Le récursif passe par un arbre à trois couleurs. Chaque zone de mémoire est représentée par un nœud, et ces nœuds sont reliés par les pointeurs. Au début de l'algorithme, tout les nœuds sont marqués de la couleur blanche.
Les sommets de l'arbre sont des éléments connus, tels que les registres processeurs, la pile d'exécution, mais aussi les constantes, et encore pleins d'autres choses en fonction du récupérateur de mémoire. Chaque nœud traité est passé en noir. Ensuite, les fils du nœud sont récupérés à partir des pointeurs (connus, ou alors comme dans la version itérative, toutes les valeurs du nœud sont parcourues à la recherche d'une adresse valide). Ils sont marqués de la couleur grise, pour ne pas partir en boucle infinie (ce serait dommage). À la fin, les nœuds qui sont restés blanc sont à désallouer.

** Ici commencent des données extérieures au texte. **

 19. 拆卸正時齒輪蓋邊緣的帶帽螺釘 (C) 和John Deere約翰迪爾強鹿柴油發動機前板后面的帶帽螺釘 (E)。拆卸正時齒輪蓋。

Que ce soit la version itérative où toute la mémoire est passée en revue, où la version récursive où une représentation de la mémoire en arbre est carrément construite, force est de constater que ce n'est pas une opération rapide pour la machine. Cela m'a permis par exemple de comprendre pourquoi firefox s'amuse à faire swapper la machine avant de se remettre en cause.

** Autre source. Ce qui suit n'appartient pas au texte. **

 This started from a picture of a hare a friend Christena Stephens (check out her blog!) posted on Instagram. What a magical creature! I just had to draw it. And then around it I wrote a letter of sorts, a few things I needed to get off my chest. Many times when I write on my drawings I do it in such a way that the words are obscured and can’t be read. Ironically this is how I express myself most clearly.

Finalement, un récupérateur de mémoire n'est pas si compliqué que ça. Mais face à quelques «delete» bien placés et pas oubliés, ça fait légèrement lourd.

Pour un langage de script tel que le javascript, je pense qu'un récupérateur de mémoire est un outil formidable. Surtout quand on voit les scripts javascript que l'on a souvent sur le net.

Mais pour un langage tel que le C++, l'intérêt est je pense plus faible. Les quantités de mémoires gérées sont très importantes (pour que firefox en arrive à utiliser 512Mio de mémoire, c'est qu'il en voit passé des zones de mémoire), et la complexité de ces algorithmes font que c'est moins efficace.

Certains langages font le pari que le développeur sait ce qu'il fait, et qu'il réfléchit plus et à plus long terme qu'une simple et grosse boucle, alors que d'autres langages masquent cet aspect au développeur en pensant que vue le nombre d'erreurs élevé que ces derniers réalisent, il vaut mieux faire une grosse boucle. Ce qui nous ramène à la citation du début.

PS: Je préfère une application en C qui perd un peu de mémoire sur certaines opérations, à une application java qui consomme 200Mio quoi qu'il arrive. Mais ça porte à débat évidemment.